Base protocols are always being updated to match threats. For example, when I lived on base if I wanted to bring a non-military guest on base I’d call the visitors center and give them the information about who was coming, where they would be, and how long they would be on base. Now you have to physically go to the visitors’ center with your request. My sources wouldn’t answer a lot of my questions – rightfully so – so I made up what was in the realm of possibility. There are lots of patrols, cameras, and probably safety measures I haven’t even dreamed of that protect a base.
As much as Sarah was hurt by CJ, she still wants to help him. Why?
CJ lies to protect Sarah. So even though she’s angry with him, she has a mess of feelings that make her act.
After leaving CJ, Sarah has—what she considers—a night of shame. Why does she feel so guilty?
Sarah met CJ when she was eighteen and considered herself a one-man woman. Her actions shake the core of who she thinks she is. It makes her look at herself and think about her relationship with CJ.
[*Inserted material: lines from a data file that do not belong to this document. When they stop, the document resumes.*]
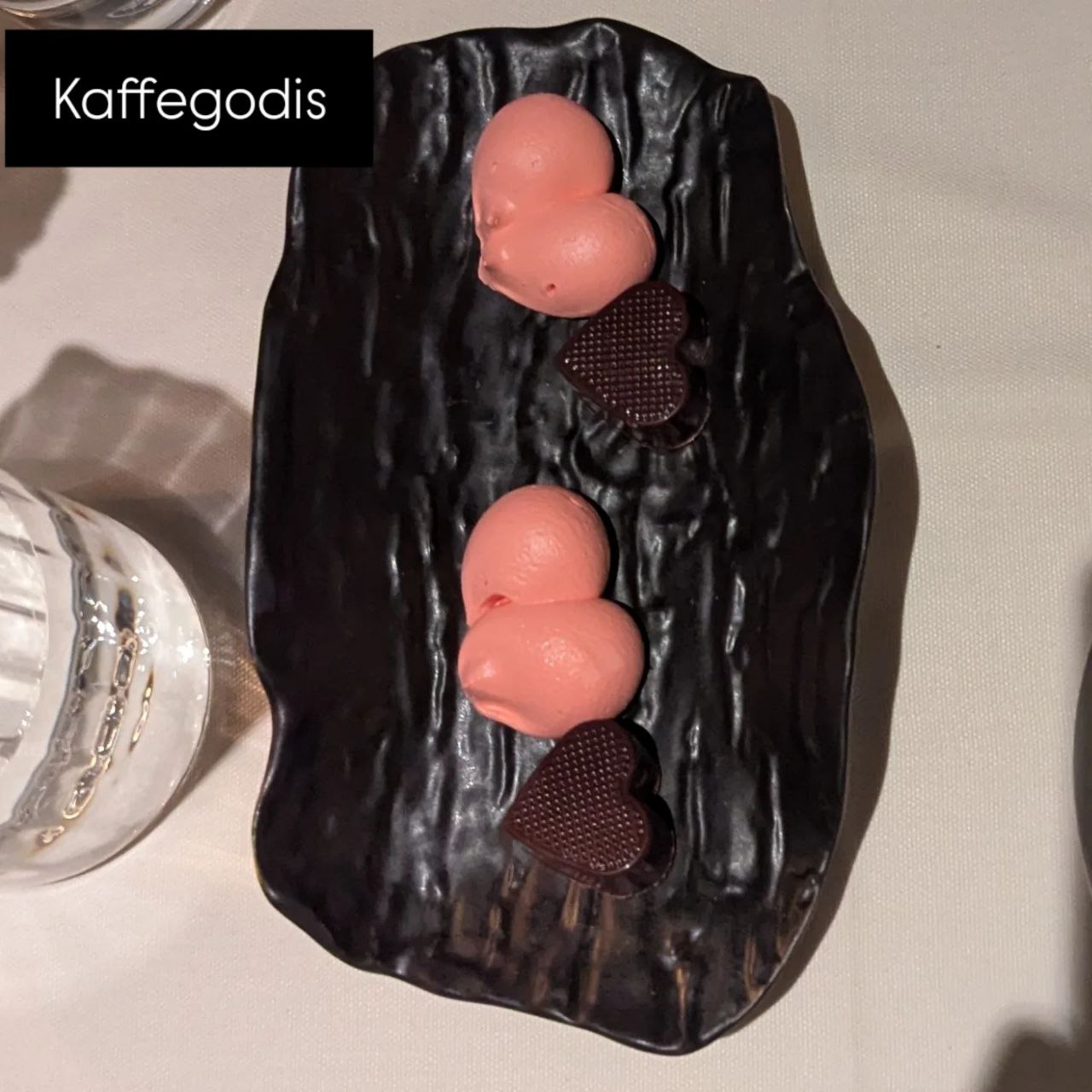 Slutligen serverades en chokladpralin, som såg ut att vara tagen ur en Marabouask, tillsammans med en maräng och en gåtfull gaffel. Vi kunde inte riktigt förstå tanken med gaffeln eftersom det hade varit svårt att använda den.
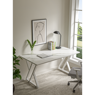 Kurua 다용도 철제 컴퓨터 사무용책상, 우드화이트
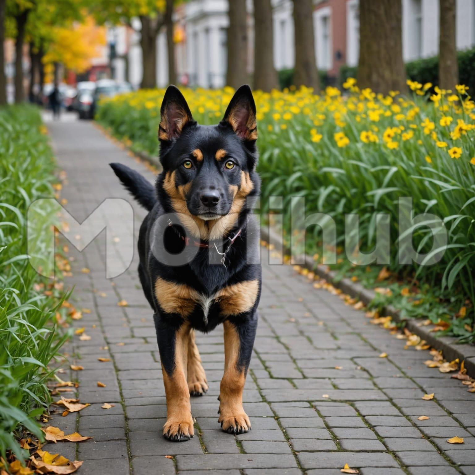 A dog walks along a path of interlocked stones, each step steady and full of energy. Its paws move with a rhythmic grace, creating a soft tapping sound as they meet the textured surface. The dog’s eyes are bright and curious, glancing around with interest as it explores its surroundings. Its tail wags gently, reflecting a relaxed and happy demeanor. The interlocked stones underfoot provide a sturdy pathway, enhancing the scenic walk. This moment captures the dog’s joyful spirit and enthusiasm as it strolls confidently on its little adventure.
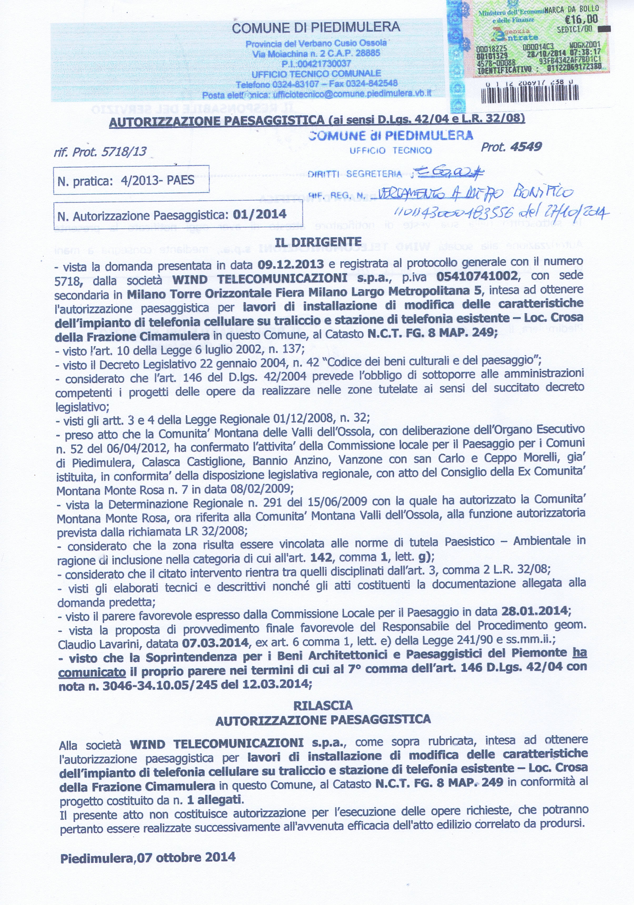 | Descrizione | LAVORI DI INSTALLAZIONE E DI MODIFICA DELLE CARATTERISTICHE DELL'IMPIANTO DI TELEFONIA CELLULLARE SU TRALICCIO E STAZIONE ESISTENTE - LOC. CROSA |

What’s next for Sarah Winston?
In The Longest Yard Sale, Sarah turns Ellington into New England’s largest garage sale for a day. It’s the biggest event in Ellington since the Revolutionary War—hopefully without the bloodshed. Sarah is mad as heck when someone uses the town-wide garage sale to commit a crime and frame her good friend Carol.
Sherry, tell us about your adorable dog, Lily.
She is the sweetest thing. Lily thinks every person and dog who’s outside when we are is there to be her friend. She has a gentle soul with an independent streak. Lily isn’t a lap dog.
Are you a mountain gal or a beach babe? My dream house would overlook the water in Monterey, California or along the coast of Maine.